Form 4: Gary K. Lee Disposes 267 Lyell Shares Post-Vesting
Rhea-AI Filing Summary
Gary K. Lee, Chief Scientific Officer of Lyell Immunopharma (LYEL), reported two routine sales of common stock on 08/11/2025 and 08/12/2025 to satisfy tax withholding obligations from vested restricted stock units. On 08/11/2025 he sold 131 shares at a weighted average price of $10.526 (range $10.045–$11.00), leaving 9,093 shares beneficially owned. On 08/12/2025 he sold 136 shares at a weighted average price of $10.338 (range $10.120–$10.415), leaving 8,957 shares beneficially owned. The Form 4 notes a 1-for-20 reverse stock split effective May 30, 2025 and inclusion of 390 ESPP shares acquired May 18, 2025. The filing was signed by an attorney-in-fact on 08/13/2025.
Positive
- Transactions were disclosed promptly on Form 4 with dates and weighted average prices
- Sales were automatic to cover tax withholding from vested restricted stock units, as stated in the filing
- Filing notes reverse split and ESPP inclusion, improving clarity of reported share counts
Negative
- Reporting person sold a total of 267 shares across two days, reducing direct holdings to 8,957 shares
- Sale price ranges are broad and the filing states specific per-price quantities will be provided only upon request
Insights
TL;DR: Insider executed routine sales to cover tax withholding; total of 267 shares sold at weighted averages near $10.43, leaving 8,957 shares.
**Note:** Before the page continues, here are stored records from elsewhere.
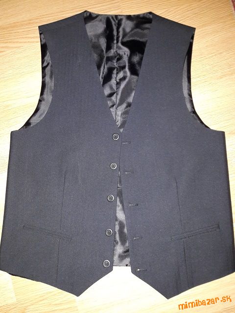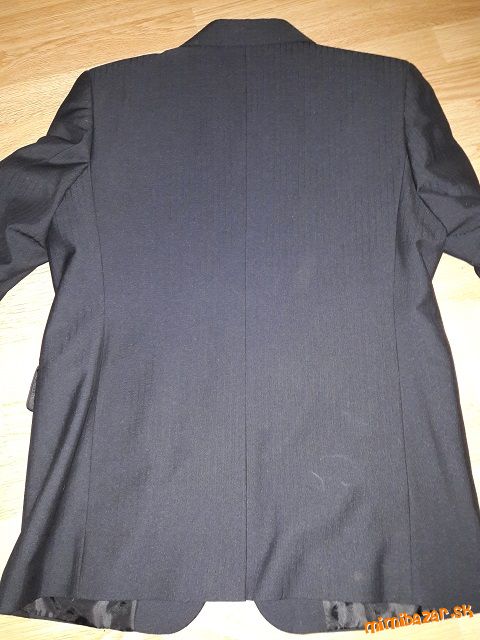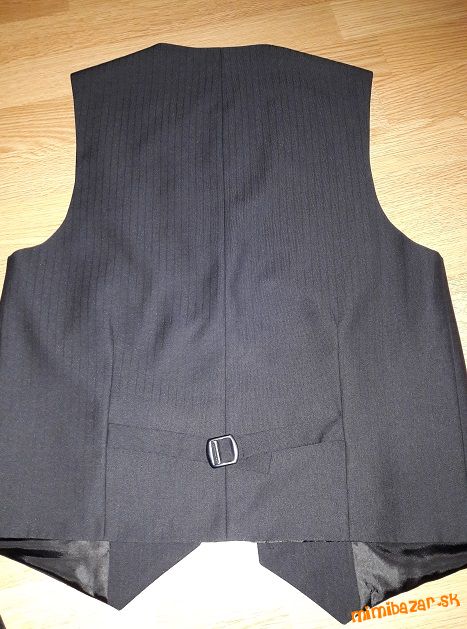 Predám čierny oblek s jemným prúžkom pre chlapca vo veku 14 - 15 rokov . rn Rozmery:rn sako: celk. dĺ.:72, cm, šírka v ramenách : 42 cm, šírka pod pazuchami: 2 x 50 cm, rukáv od krku: 75 cm, rukáv od ramena: 61 cmrn nohavice: celk. dĺ : 95 cm, od rozkroku dolu: 69 cm, šírka v páse: 2 x 40 cm, možnosť dať opasokrn vesta: celk. dĺ. 55 cm, šírka pod pazuchami: 2 x 45 cm.
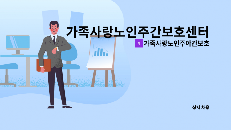 가족사랑노인주야간보호센터에서 함께 일하실 요양보호사 선생님 모집합니다. - 센터 내 여자 어르신 세신서비스(주 1회) 및 케어 - 송영 서비스 - 기타 업무 주 업무는 어르신 케어 입니다. 저희 센터는 주 1회 어르신들께 세신(목욕)서비스를 제공하고 있습니다. 궁금하신 사항이 있으시면 센터로 연락 바랍니다. 많은 지원 바랍니다. 감사합니다.
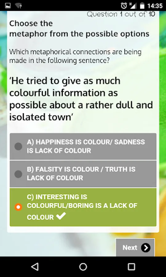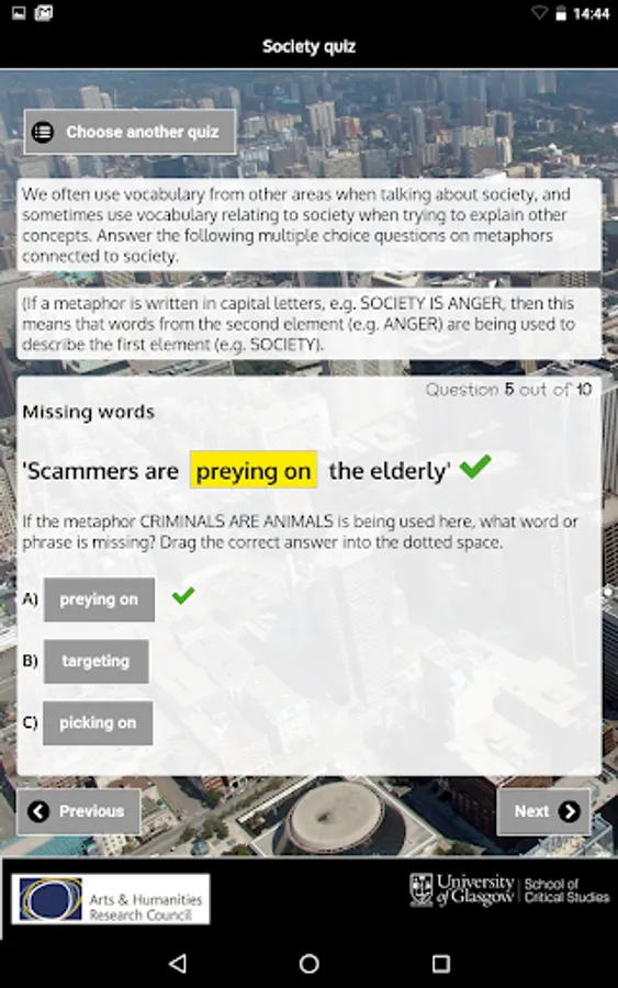 The metaphor quizzes are designed to help users to recognise and understand the mental connections that are being made when we use metaphors. They ask the user to identify the area of meaning that the metaphorical word has come from, and the area of meaning to which that vocabulary has been transferred (e.g. ‘a bright child’ uses the word bright, which has been transferred from the area of LIGHT into the area of INTELLIGENCE).

The Form 4 documents two sales coded as S on 08/11/2025 and 08/12/2025 totaling 267 shares sold to satisfy tax withholding from vested restricted stock units. Weighted average prices reported were $10.526 and $10.338, with price ranges disclosed for each day. Reported beneficial ownership after the transactions is 8,957 shares (direct). The filing also discloses a 1-for-20 reverse split adjustment and inclusion of 390 ESPP shares; these disclosures aid comparability of reported amounts.
TL;DR: Disclosure is standard and appears compliant; sales were automatic for tax withholding and the Form 4 was executed by an attorney-in-fact.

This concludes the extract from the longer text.